Here’s a technique that is well worth mastering, because geometric series come up over and over again in anything to do with multipliers, investments and also in intermediate macro. Typically you are faced with a problem which has some sort of series in it like this: S=1+x+ x^2 +x^3 +x^4 +.....x^n You have to find the sum of the series.

There’s an easy technique which sorts this out. You just multiply both sides by 1-x. Here’s why it works:
S(1-x)=[1+x+ x^2 +x^3 +x^4 +.....x^n]-[x+ x^2 +x^3 +x^4 +.....x^{n+1}]

Look at what happens now to the right hand side of the equation, pretty much everything cancels out, and you are just left with S(1-x)=1-x^{n+1} so S=\frac{1-x^{n+1}}{(1-x)}. You can multiply top and bottom of the right hand side by -1 to express it in a form which might be a bit more convenient to use for calculations: S=\frac{x^{n+1}-1}{(x-1)}

If x>1 then the series will ‘explode’ (just keep getting bigger), if -1<x<1 then the series will converge around a value.

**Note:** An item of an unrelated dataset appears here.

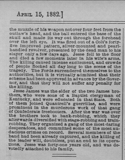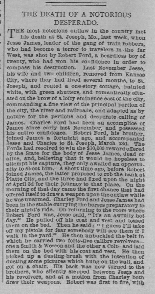 Antique Engravings, Prints, Maps and Newspapers sells only original/authentic material. Museums, Historical Societies, Universities, Educators, Movie sets Menu Engravings Newspapers Antiques Maps Civil-War-Prints Baseball Thomas-Nast Hunting-Prints Old-West-Engravings JESSE JAMES NOTORIOUS DESPERADO KILLED IN ST. JOSEPH MISSOURI HOUSE EXCITEMENT AFTER THE SHOOTING 1882 JESSE JAMES HISTORY Description This genuine antique engraving is titled "MISSOURI - THE HOUSE AT ST. JOSEPH IN WHICH THE NORORIOUS DESPERADO JESSE JAMES WAS KILLED APRIL 3 - THE POPULAR EXCITEMENT AFTER THE SHOOTING", published in "Frank Leslie's Illustrated" April 1882. This dated engraving from the year of 1882 is 11 x 15 inches in size. It is in excellent condition, highly displayable and ready for framing and is guaranteed to be as described. I do not deal in copies/reproductions. This beautiful and decorative antique chromolithograph would make a great addition to any Home, Office or Restaurant decor! I have provided Antique Engravings, Prints, Maps & Newspapers globally to museums, Institutions, art dealers, researchers, genealogists, movie sets, interior designers, curators, authors, knowledgeable collectors and beginners too. The comments buyers have made in my "feedback" file are an indication of the quality product and exceptional service I deliver. Authenticity of all items, as described in each listing, and the accuracy of that description, is guaranteed unconditionally. SHIPPING POLICY Shipping will be free. International airmail shipping will be $15. All items will be shipped in a acid free archival poly bag and securely packaged in a sturdy reusable flat or mailing tube to assure safe delivery. I will combine multiple purchases for just one shipping charge. Feedback will be left on all transactions and I would appreciate you doing the same. PAYMENT POLICY Payment must be received no later than 10 days through PayPal. RETURN POLICY I have had very few inquiries for item returns. In the event of such a request, the transaction will be evaluated and a refund offered if the item differs substantially from the description presented. My goal is Customer Satisfaction! ADDITIONAL INFORMATION At your fingertips here at this website you have a gallery of many thousands of Antique Engravings, Prints, Maps and Newspapers. Find the subject matter you are looking for using my Store Search engine provided. All newspapers listed in my eBay store feature unique ads, stories and opinions that bring past values, beliefs and attitudes back to life like no other medium can duplicate. Every item I sell is genuine/original, NOT reproductions and guaranteed to be as described. Be sure to check out the other select engravings and vintage newspapers I have listed at the moment on eBay and book-mark this site as I will be listing other historical items each week. I welcome comments! Thank you very much for taking the time to stop in and look at these remarkably well preserved historical relics of the past! About ENGRAVINGS PRINTS MAPS NEWSPAPERS I am a seller and buyer of historic ANTIQUE ENGRAVINGS, PRINTS, MAPS AND NEWSPAPERS and have provided these to museums, Institutions, art dealers, researchers, genealogists, movie sets, interior designers, authors, curators, knowledgeable collectors and beginners too. Usefull Links About Us Payment Shipping Returns Feedback New Arrivals Ending Soon Contact Us Newsletter Add our store to your favorites to receive newsletters about new items & special promotions! Thank you For visiting our Store © Copyright, ENGRAVINGS PRINTS MAPS NEWSPAPERS. All rights reserved. Listing and template services provided by inkFrog

Here's an example. If you have a fixed rate mortgage for £100000, with a constant interest rate of 5% compounded annually, over a 25 year term, what would be the monthly repayment (if it is the same every month?)

You can do this by working out what you will owe at the end of each year and seeing if you can spot the pattern.

At the end of the first year, you owe 100000(1.05)-12x. Your original debt of 100000 has increased in value by 5% but you have made 12 monthly payments of value x.

At the end of the second year, you owe (100000(1.05)-12x)(1.05)-12x. This is basically
your debt at the end of the first year multiplied by 1.05 minus the 12 monthly payments you made in the second year. This can be rewritten as 100000(1.05^2)-12x(1.05)-12x

At the end of the third year, you owe 100000(1.05^3)-12x(1.05^2)-12x(1.05)-12x

At the end of the fourth year, you owe 100000(1.05^4)-12x(1.05^3)-12x(1.05^2)-12x(1.05)-12x

Now you can see the pattern developing.
At the end of the 25th year, you owe 100000(1.05^{25})-12x(1.05^{24})-12x(1.05^{23})-......-12x. Of course as this loan is a 25 year term, at the end of the 25th year you owe nothing, so we have an expression in terms of x: 0 = 100000(1.05^{25})-12x(1.05^{24})-12x(1.05^{23})-......-12x

We can rearrange this to say 100000(1.05^{25})=12x(1.05^{24})+12x(1.05^{23})+......+12x and take a factor of 12x out of the right hand side to get 100000(1.05^{25})=12x(1.05^{24}+1.05^{23}+......+1).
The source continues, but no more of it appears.